> [RECORDED DATA]
[Start of Attachment]

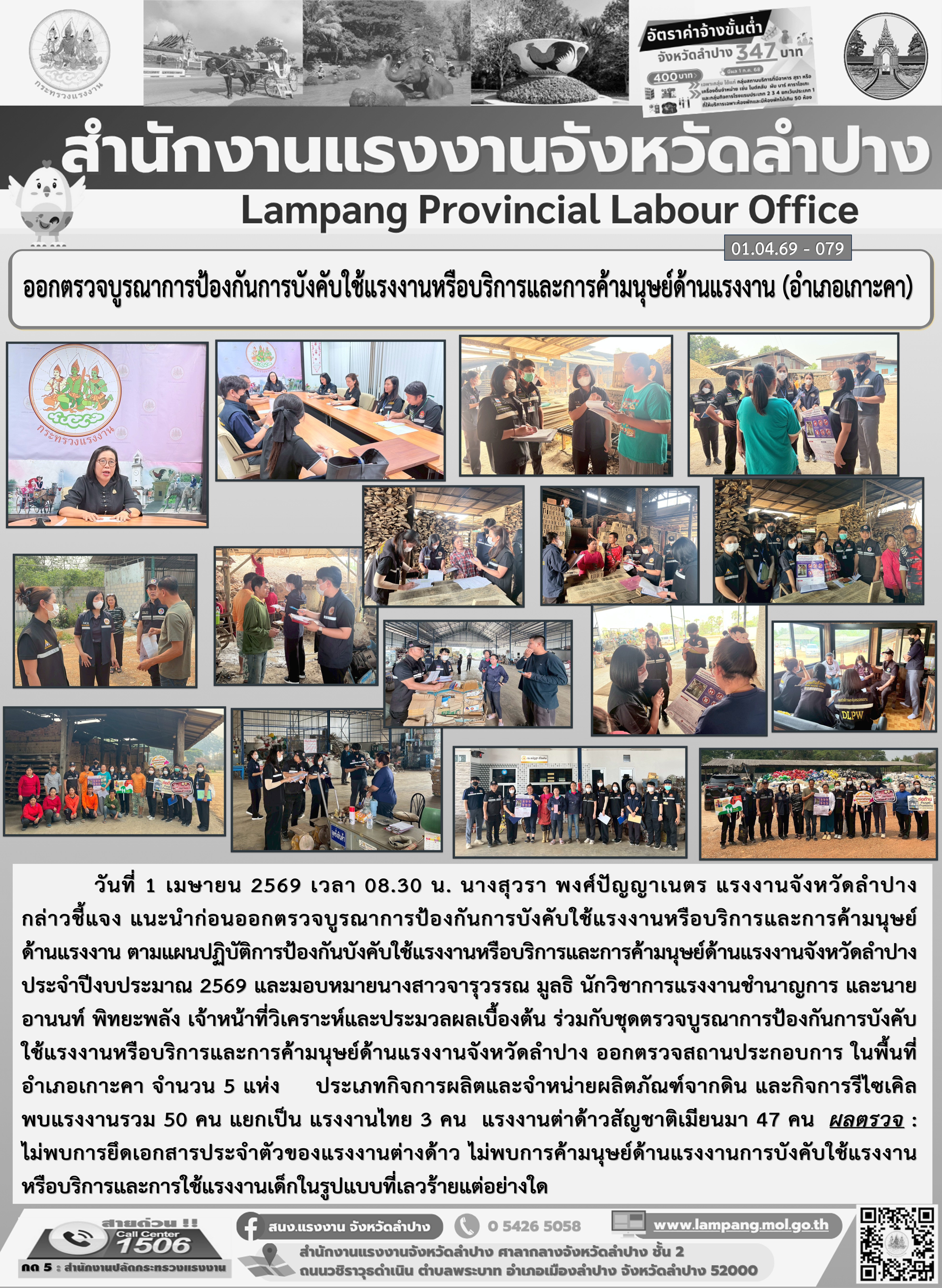 ออกตรวจบูรณาการป้องกันการบังคับใช้แรงงานหรือบริการและการค้ามนุษย์ด้านแรงงาน ในพื้นที่อำเภอเกาะคา
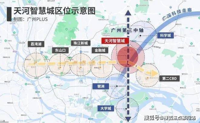 位于天河智慧城核心区域,南靠珠江新城,东临黄埔科学城,是名副其实的天河芯地段。与珠江新城中央商务区形成南北遥相呼应的 “双核驱动” 格局,被誉为广州的未来发展引擎和创新中心。该区域距离珠江新城直线距离仅约 10km,是广州 “十三五” 重点规划项目。
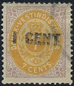 Danish West Indies. Facit 23 used, "1 Cent" Surcharge on 7 Cents deep yellow/lilac. SEK 3000
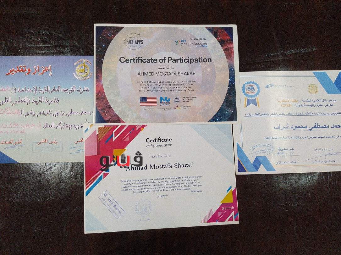 وأضاف:" كل واحد فينا يقوم بتنمية مهاراته في الكتابة وانشطة الأولمبياد الرياضيات ومسابقات وأشياء أخري تتعلق بالكمبيوتر سينس وذلك لافادتي عند التقديم بالجامعات الاجنبية بتوضح التجارب والخبرات “.

[End of Attachment]

> [WHAT YOU ARE ASKED TO DO] When you write out the material above, keep every line exact and drop each picture.

> [YOUR SOLUTION]
 ออกตรวจบูรณาการป้องกันการบังคับใช้แรงงานหรือบริการและการค้ามนุษย์ด้านแรงงาน ในพื้นที่อำเภอเกาะคา
 位于天河智慧城核心区域,南靠珠江新城,东临黄埔科学城,是名副其实的天河芯地段。与珠江新城中央商务区形成南北遥相呼应的 “双核驱动” 格局,被誉为广州的未来发展引擎和创新中心。该区域距离珠江新城直线距离仅约 10km,是广州 “十三五” 重点规划项目。
 Danish West Indies. Facit 23 used, "1 Cent" Surcharge on 7 Cents deep yellow/lilac. SEK 3000
 وأضاف:" كل واحد فينا يقوم بتنمية مهاراته في الكتابة وانشطة الأولمبياد الرياضيات ومسابقات وأشياء أخري تتعلق بالكمبيوتر سينس وذلك لافادتي عند التقديم بالجامعات الاجنبية بتوضح التجارب والخبرات “.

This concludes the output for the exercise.